How to raise a child to cope with the real world

in #real6 years ago

Lately, many people worry about the way humanity has taken. Perhaps it is because of the series of terrorist attacks around the world. Perhaps it is because of the tone of the presidential campaign. Maybe because many of us suffer from a severe lack of empathy because of the horrors people are causing each other at a frightening frequency.

Perhaps it is because of the data that tells us that today's students are much less empathic and more narcissistic than their predecessors.

We lack our humanity, whose traits determine the most positive aspects of our species. And these are characteristics like empathy, judgment of how one's behavior influences others, resolving conflicts without conflict, looking through the eyes of the other, and honesty. As David Brooks writes in The Way to the Character, it is very easy to lose the importance of these characteristics in our busy, distracted, stormy world, obsessed with achievements and social status.

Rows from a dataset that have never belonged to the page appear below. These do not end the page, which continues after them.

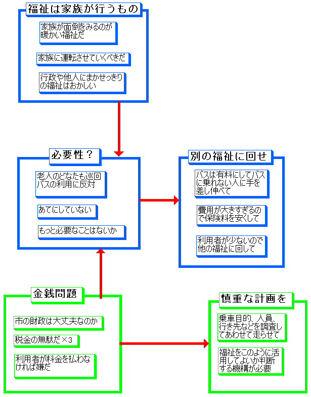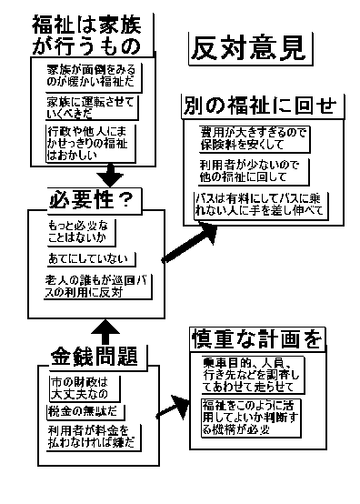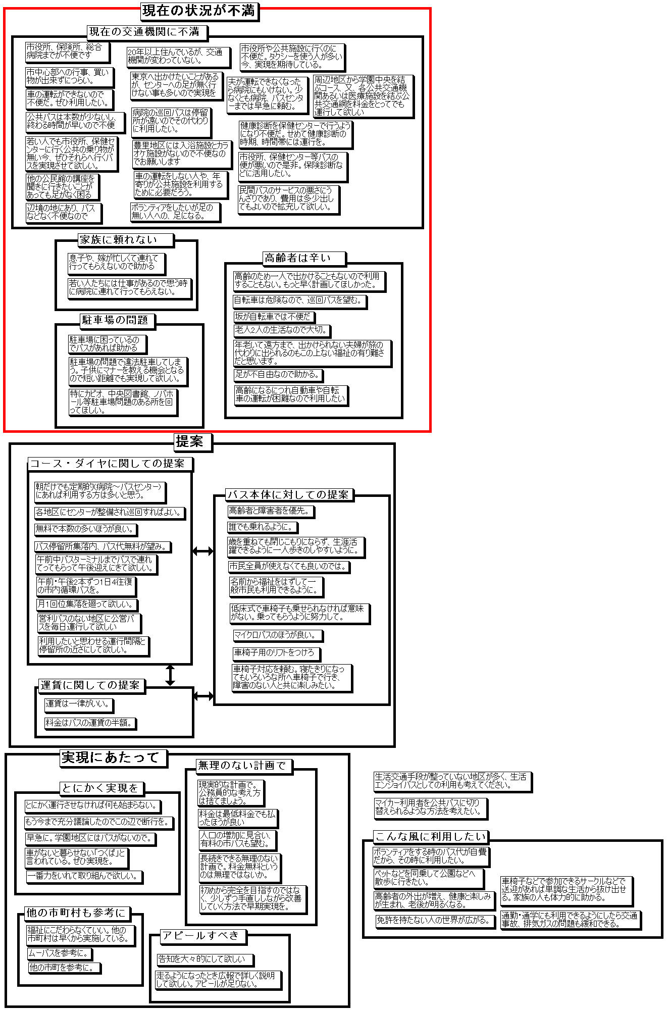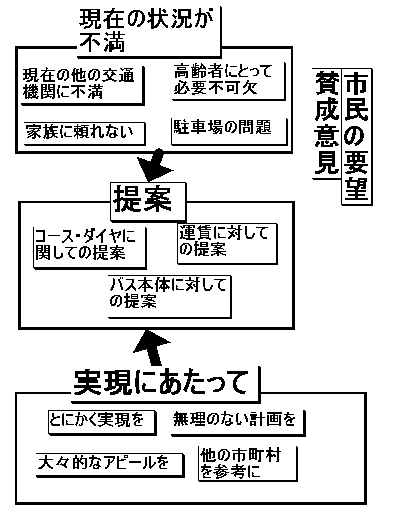 ・福祉循環バスの運行が開始される際につくば市が行ったアンケートの自由回答部分に対する回答を、KJ法を用いて分析した。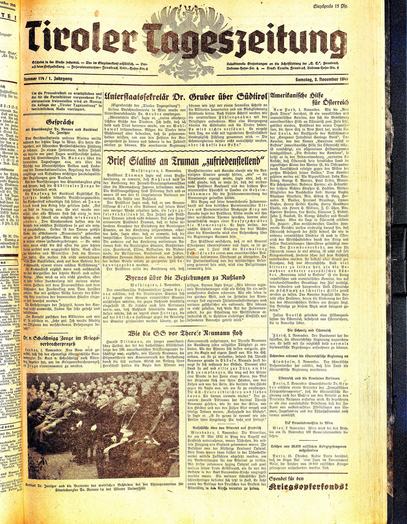 können wir jetzt mit einem formellen Schritt an die Alliierten herantreten und um Rückgliederung Südtirols bitten. Nach diesem Schritt werden wir die unmittelbare Fühlungnahme mit den Beteiligten aufnehmen. Aber eine überzeugung können die Südtiroler und die Tiroler haben: Es wird nichts versäumt. Es vergeht kein Tag, wo nicht mit irgendeiner Persönlichkeit diesbezüglich Fühlung genommen wird. — Die Schwierigkeiten dürfen nicht unterschätzt werden, aber ich hoffe das Beste.“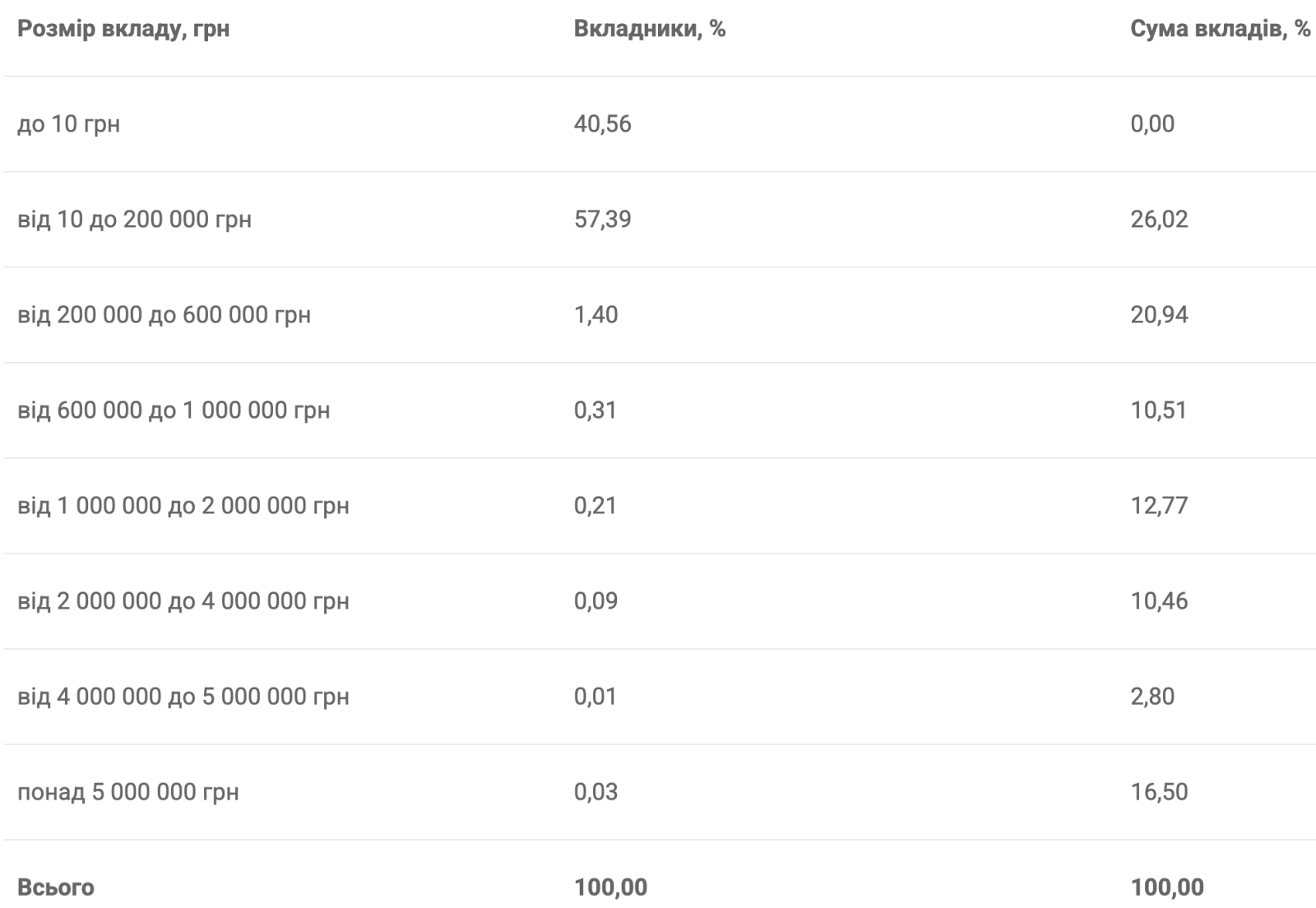 На 1 апреля 2026 года распределение вкладов физических лиц в банковской системе по размерам выглядит так:
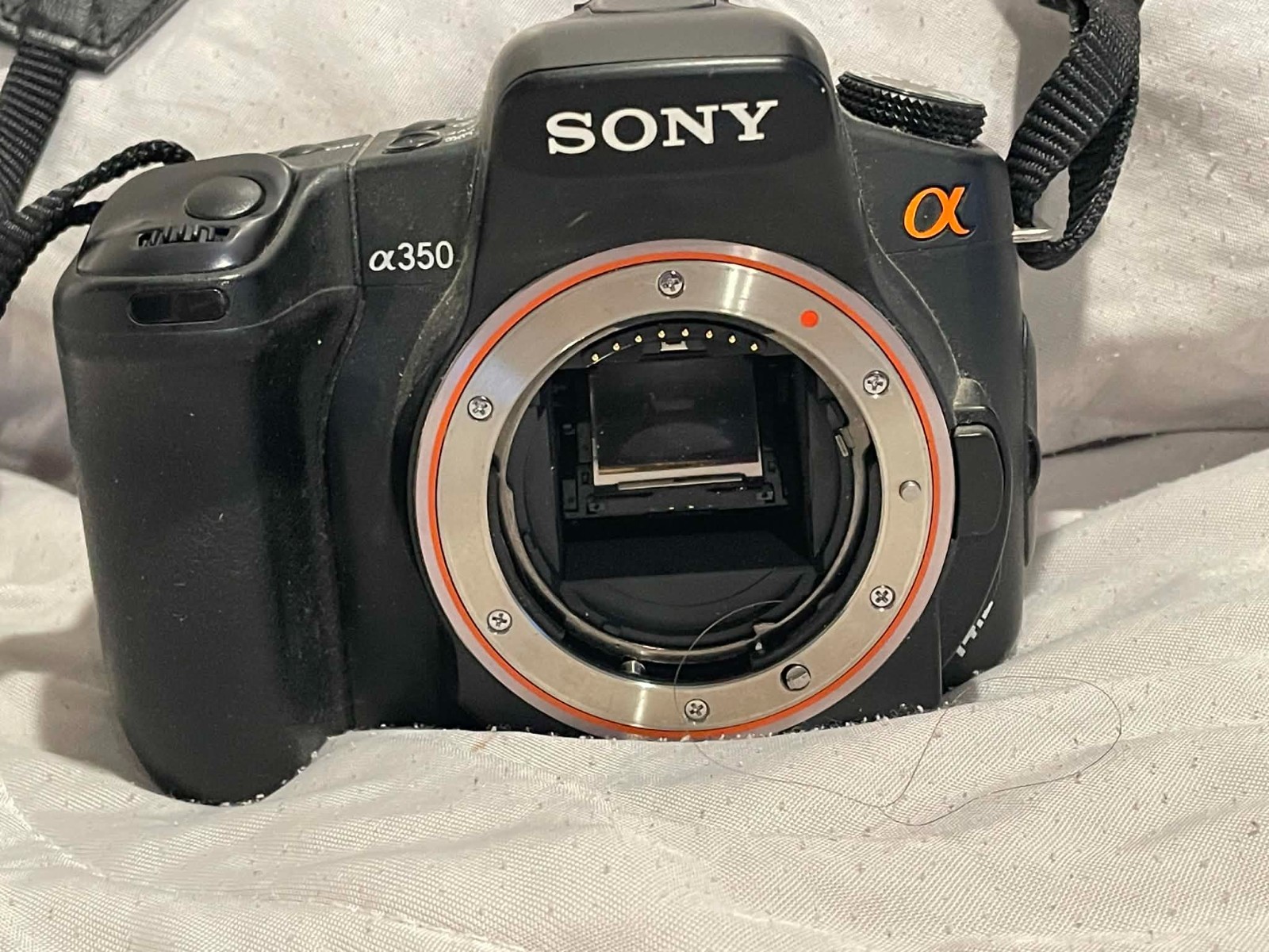 Sony 350 DSLR Camera Body. SCREEN IS PARTIALLY BLACK. BUT WORKS. SEE PICS.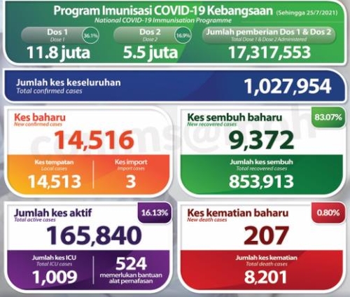 말레이시아의 확진자는 전날 1만4천516명 추가돼 누적 102만7천954명, 사망자는 207명이 추가돼 누적 8천201명이다.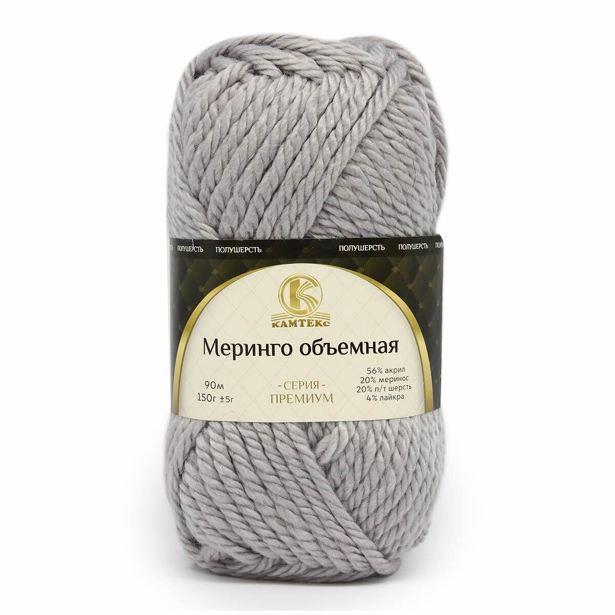 Пряжа для вязания Камтекс 'Меринго объемная', 150г, 90м (20% меринос, 20% полутонкая шерсть, 56% акрил, 4% лайкра) (168 светло-серый), 4 мотка 1 742 ₽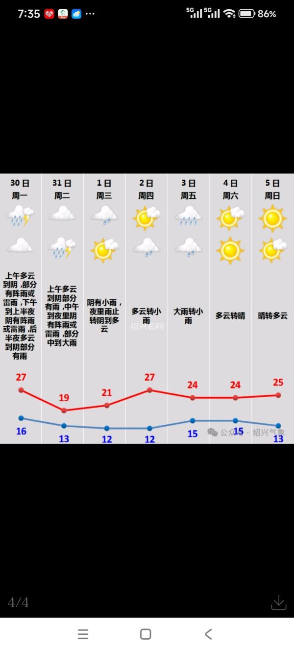 绍兴市气象台2026年3月31日6:00发布短期天气预报: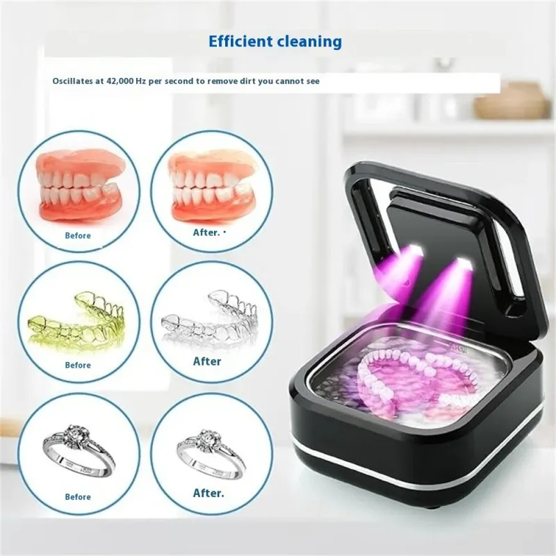 Tevorex Ultrasonic Retainer Cleaner Dental Cleaning Machine with UV Light 304 Stainless Steel Cleaner for Dentures Aligners Braces Mouth Guards Jewelry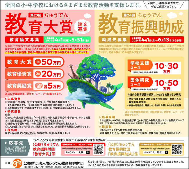 2024年4月1日より募集を開始する「第24回ちゅうでん教育振興助成(締切6/13)」および「第23回ちゅうでん教育大賞(論文)(締切5/31)」の応募概要を紹介します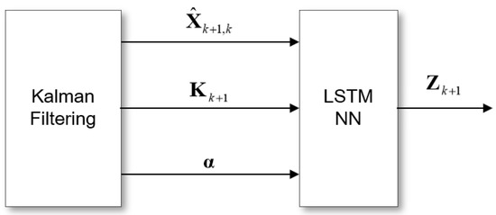Therefore, the inputs of the Kalman filter correction model were the above three factors, the output was the actual state of the moving target , and the inputs and outputs formed a mapping set. The LSTM–NN model could be described as: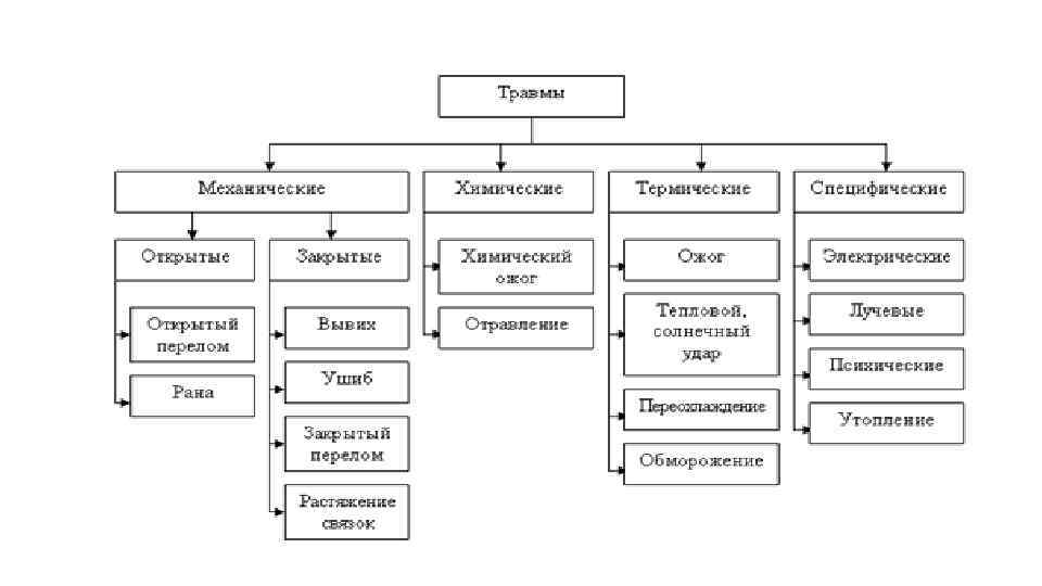• По степени тяжести различают: • 1) Легкие травмы (растяжения, ушибы). • 2) Средней тяжести (вывих плеча). • 3) Тяжелые (перелом обеих голеней). • 4) Крайне тяжелые травмы (они несовместимы с жизнью).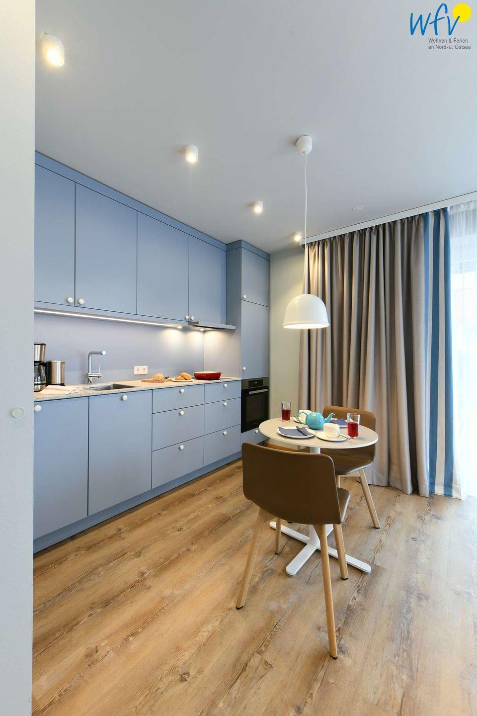Für eine bequeme Selbstverpflegung verfügt die Ferienwohnung "Robbe" über eine gut bestückte Einbauküche – u.a. mit Herd, Backofen und Spülmaschine. Zusätzlich zur Filterkaffee-Maschine ist eine NESPRESSO vorhanden. Für gemeinsame Mahlzeiten wurde eine gemütliche Essecke eingerichtet.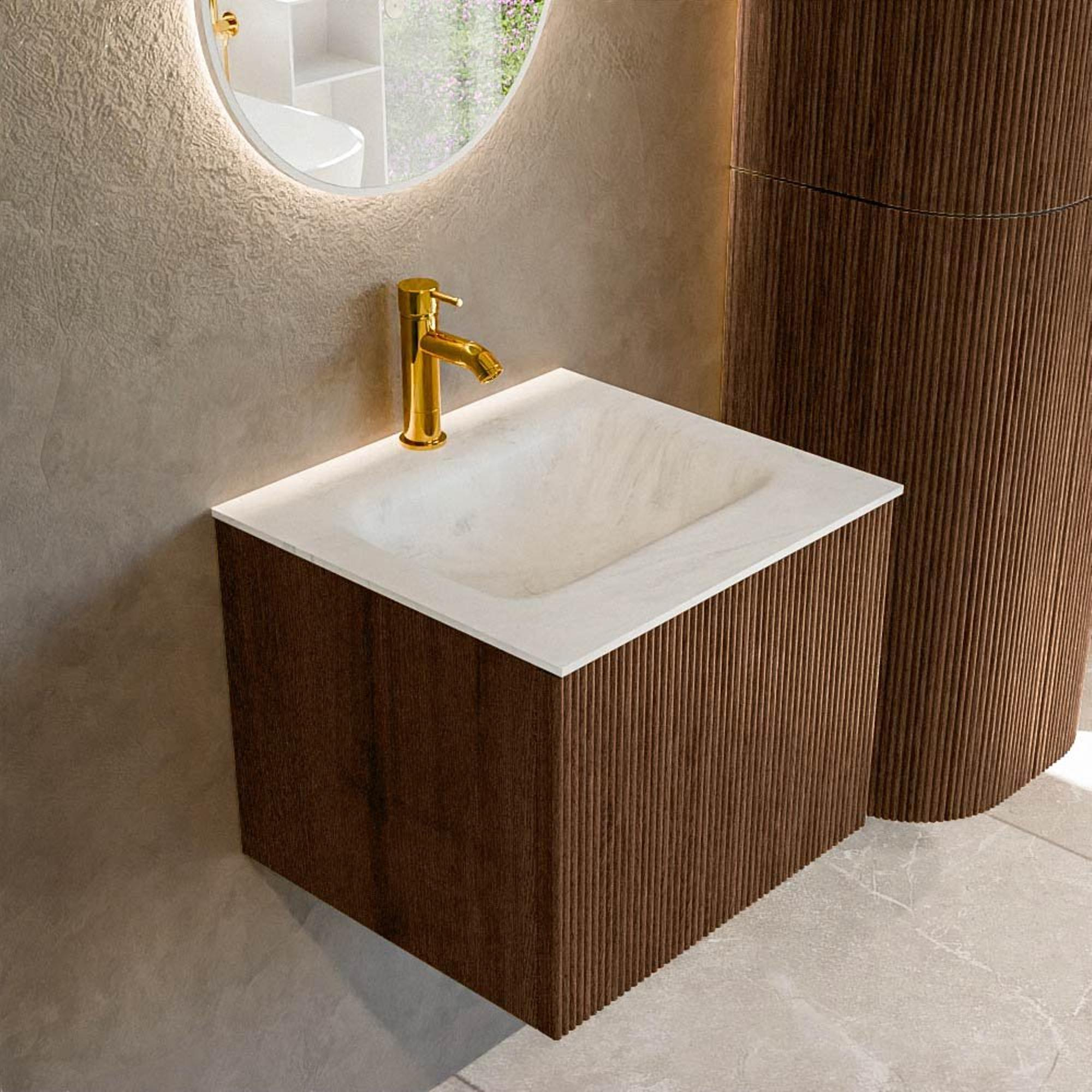 MONDIAZ KURVE-DLUX 50cm badmeubel kleur Walnut met 1 lade. Wastafel GRUNNE midden 1 kraangat kleur Opalo.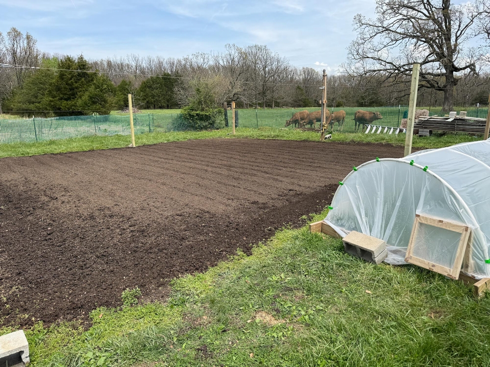 All amendments tilled in, next I'll work on getting the irrigation set up and about a million other details. The cattle next door were very intrigued...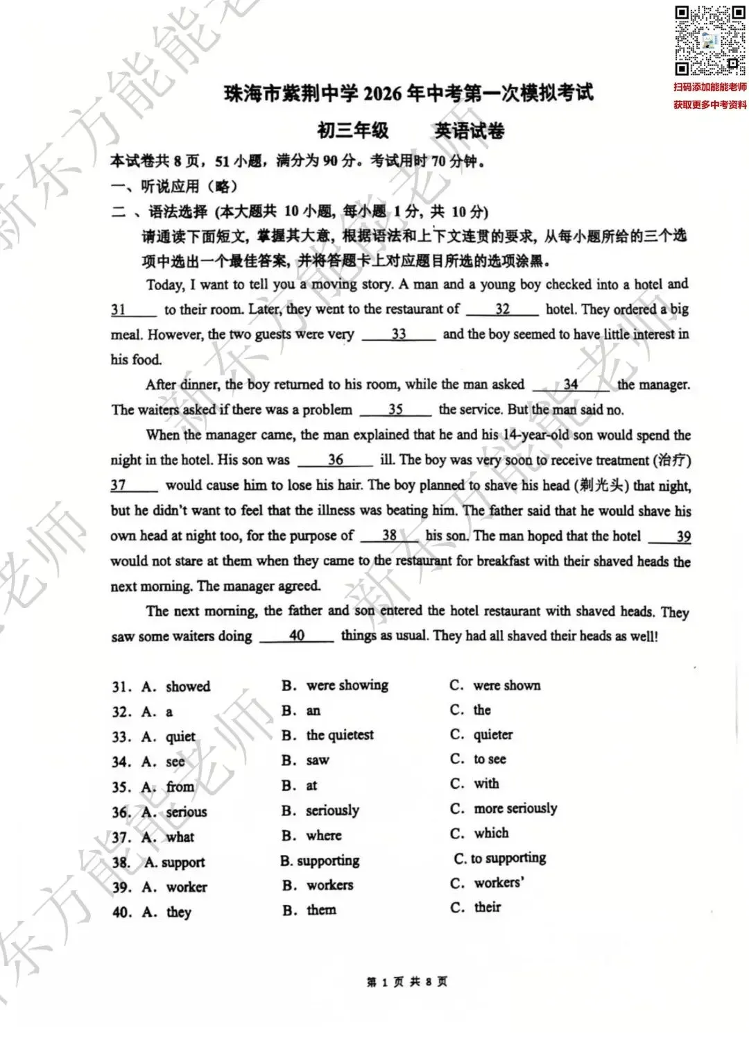 珠海中考一模已陆续考完!难度如何?题型有哪些新变化?

And it is easy to forget that our children need us to give them these skills, model them, and give them many opportunities to practice them.

Are the ways in which we care, learn, discipline and communicate with our children - the next generation of human beings - that educates and shapes these skills? Many of the common parenting strategies - such as those involving parental consent - which many parents apply almost automatically - do not work in this direction.

Strategies such as punishments, counting to 3, blackpoints, earning and losing privileges are unilateral because they bring to the forefront the subjugation of parental directives and the reliance on force to achieve goals.

Is there another way? I advocate changing the way parents influence their children, from strength to cooperation. To give the child a voice for his personal affairs and to solve the problems that affect his life is actually a wonderful preparation for the real world - much better than blindly following the authority.